Post-match analysis by political pundits has been bruising for Rishi and the Blues. Key themes from the media point to: 

Perception is king: The Conservative Party has now been in power for over fourteen years – keeping your match day offering fresh becomes a lot more challenging when forced to use a tired and aging bench. As Stephen Bush in the Financial Times argues, the next General Election will be “about the Conservative party’s platform and record, and their willingness to countenance voting for Sir Keir Starmer and Labour as the alternative.”

Focus on the future: Former Tory leader William Hague writes in The Times today that his Blues need to focus on tomorrow’s vision for the UK, arguing that “the future requires more security and more innovation – that’s where our politics and our economics need to go.” 
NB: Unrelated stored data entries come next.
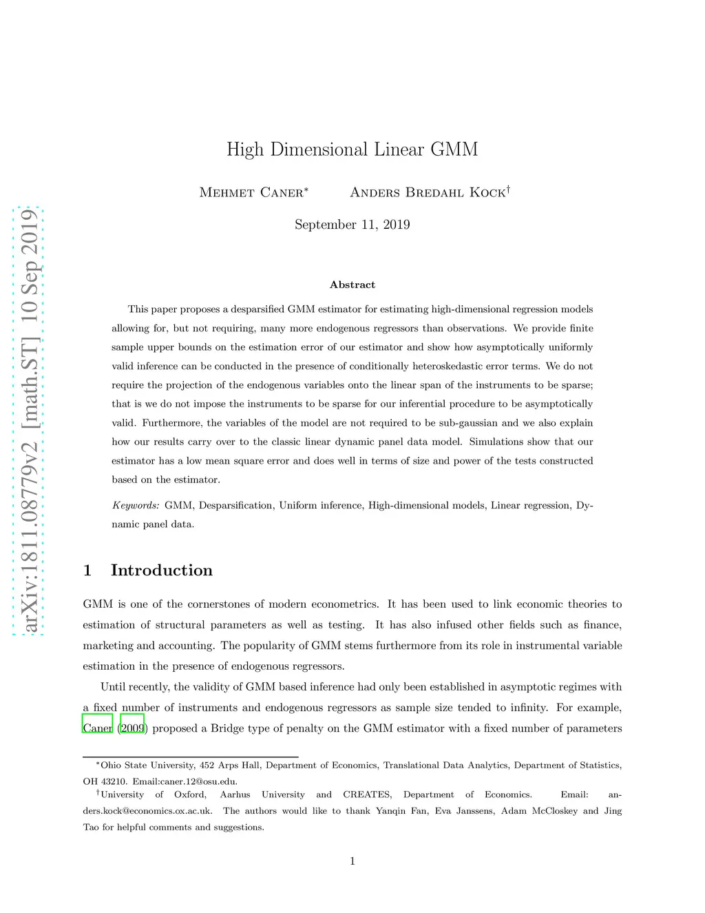 High Dimensional Linear GMM
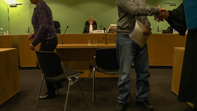 These are not court cases surrounded by flamboyant lawyers, tv camera’s, or a packed public gallery. On the contrary. Glamour is absent here, in the small court room of the justice of the peace.
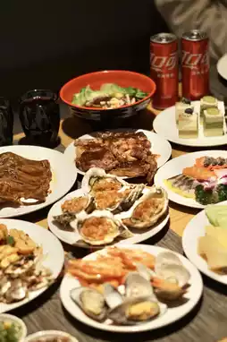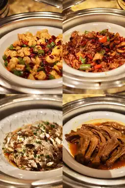 Steamed pomfret, abalone sauce goose palm, garlic ribs...
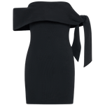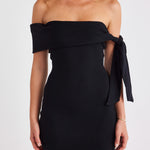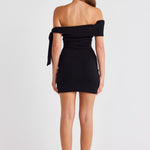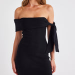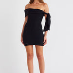 Folded off the shoulder feature with soft fixed tie at the arm. Please note the tie position may vary

Slim hope for Rishi: The Prime Minister continues to play up the prospect of a General Election upset, arguing that a “hung parliament” is now the likely outcome. There’s been a focus on polling numbers, with former YouGov president Peter Keller arguing in The Guardian that Labour is not doing as well as it did in the run-up to the 1997 landslide victory, but that “it doesn’t need to do so in order to win a comfortable victory.”

Can they do it on a cold, wet night in Stoke?
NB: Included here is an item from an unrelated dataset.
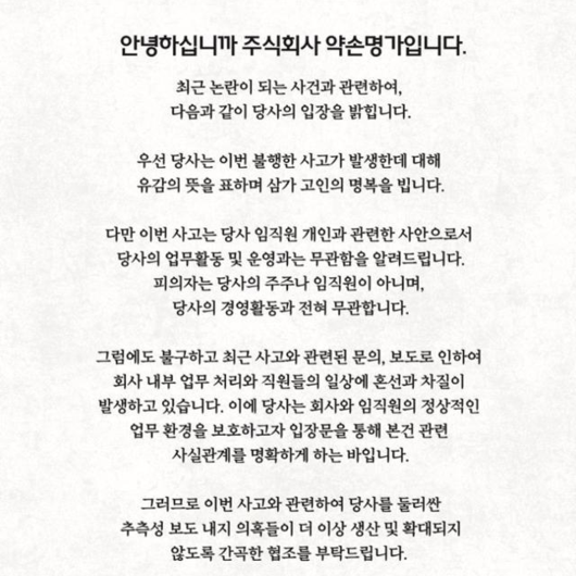 그러면서 지나친 억측은 자제해 달라고 호소했다. 약손명가는 "최근 사고와 관련된 문의, 보도로 인해 회사 내부 업무 처리와 직원들의 일상에 혼선과 차질이 발생하고 있다"며 "당사를 둘러싼 추측성 보도 내지 의혹들이 더 이상 생산·확대되지 않도록 간곡한 협조를 부탁한다"고 당부했다. 아울러 "이번 사고와 관련해 더 이상의 불필요한 오해나 확대 해석이 발생하지 않기를 바라며, 피해자의 유족인 당사 임원 또한 추가적인 사회적 소란이나 제3의 피해가 발생하지 않기를 간절히 바라고 있다"고 덧붙였다.
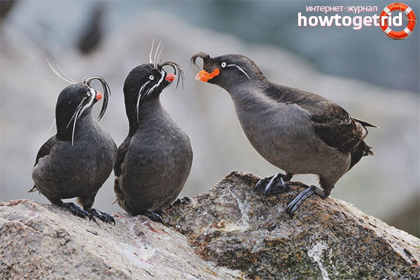 It should be noted that grooms represent a special kind of birds. These individuals have a unique temperament and characteristic features. Birds are unique in nature. They do not belong to monogamous individuals. Moreover, in mating time, the behavior of the auklet is very different from other birds. Bachelors may try to steal the female from the male. Moreover, a loner can do this only when the owner is not nearby.

Blackpool are known as The Tangerines, but red is the colour in the North West as Labour bolstered their Westminster ranks by registering their eighth by-election victory since the start of 2023. The ‘Red Wall’ famously turned blue at the last General Election however Labour will now be confident that the tide is turning. 

Another big result came in Hartlepool where Labour wrestled back control of its council from the Tories. The town has emerged as a key battleground in recent years with the Conservative victory in the 2021 by-election representing peak Boris-mania as the former PM hit the height of his powers.

Final score

The referee has blown the whistle, the fans are exiting the stadium, and the clean-up operation has begun, but what does this all mean for business and corporate organisations?

  • Expect a policy blitz: We understand that the Prime Minister is now going to embark on a policy barrage, announcing a range of new positions on subjects ranging from infrastructure, transport, culture and defence. It will be critical to remain alert to these announcements to understand how they may impact brands, and especially highly regulated ones.
  • A final financial event: We’re expecting Jeremy Hunt to deliver one more “significant financial event” ahead of the General Election later this year. With a more positive economic outlook including a dropping inflation rate and lower cost-of-living, we could see a pre-election tax giveaway such as an income tax reduction and a cut to stamp duty. The Chancellor hopes - like businesses - that consumers will have more money in their pockets, and this will bring a much-needed boost to the UK’s high streets. 
  • General Election scrap: The consensus is that the forthcoming General Election has the potential to be a dirty affair, with a focus on the leaders of the main political parties’ tax affairs, job histories and financial declarations. Definitely one to watch from the stands.